Top of Provided data

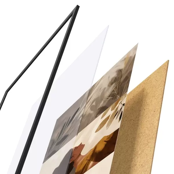 Das Poster besteht aus einem Rahmen, Plexiglas, einem gedruckten Bild und einer Rückwand aus Spanplatten. Dank der Halterungen auf der Rückseite kann das Poster sofort an die Wand gehängt werden.
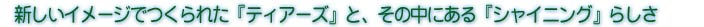 玉木さんがシャイニングを 「新しい世代に引き継ぎたい」 とのことで、私もそれに賛同したんです。 ……だから、完全に新しいイメージをつくるTonyさんと、玉木さんを受け継ぎながらも新しいイメージを生み出した樋野さん、そして玉木さん。これらのキャラクターが融合して新生 『シャイニング』 ワールド、今回の 『ティアーズ』 の世界をつくっているというわけです。
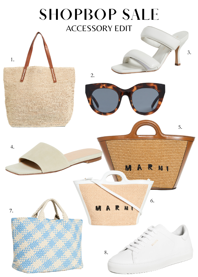1. Mar Y Sol Portland Tote| 2. Le Specs Air Heart Sunglasses | 3. Gia Borghini Perni 03 Sandals| 4. AEYDE Anna Slide Slippers| 5. Marni Tropicalia Summer Bag| 6. Marni Tropicalia Small Bag| 7. Naghedi St Barths Large Tote| 8. Axel Arigato Clean 90 Sneakers
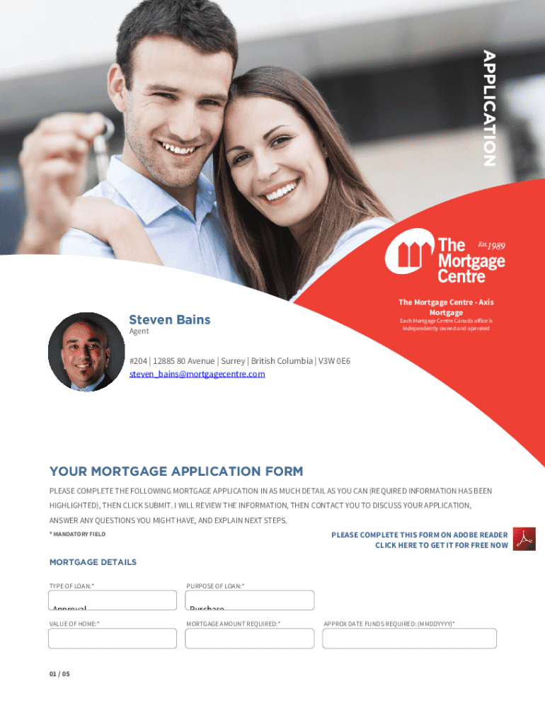 The Mortgage Centre Axis MortgageSteven BainsEach Mortgage Centre Canada office is independently owned and operatedAgent#204 | 12885 80 Avenue | Surrey | British Columbia | V3W 0E6 steven_bains@mortgagecentre.comYOUR

Bottom of Provided data

Exercise:
Give again, word for word, the lines above from the first one through the one containing "玉木さんがシャイニングを 「新しい世代に引き継ぎたい」 とのことで、私もそれに賛同したんです。"; no pictures.

Written response:
 Das Poster besteht aus einem Rahmen, Plexiglas, einem gedruckten Bild und einer Rückwand aus Spanplatten. Dank der Halterungen auf der Rückseite kann das Poster sofort an die Wand gehängt werden.
 玉木さんがシャイニングを 「新しい世代に引き継ぎたい」 とのことで、私もそれに賛同したんです。 ……だから、完全に新しいイメージをつくるTonyさんと、玉木さんを受け継ぎながらも新しいイメージを生み出した樋野さん、そして玉木さん。これらのキャラクターが融合して新生 『シャイニング』 ワールド、今回の 『ティアーズ』 の世界をつくっているというわけです。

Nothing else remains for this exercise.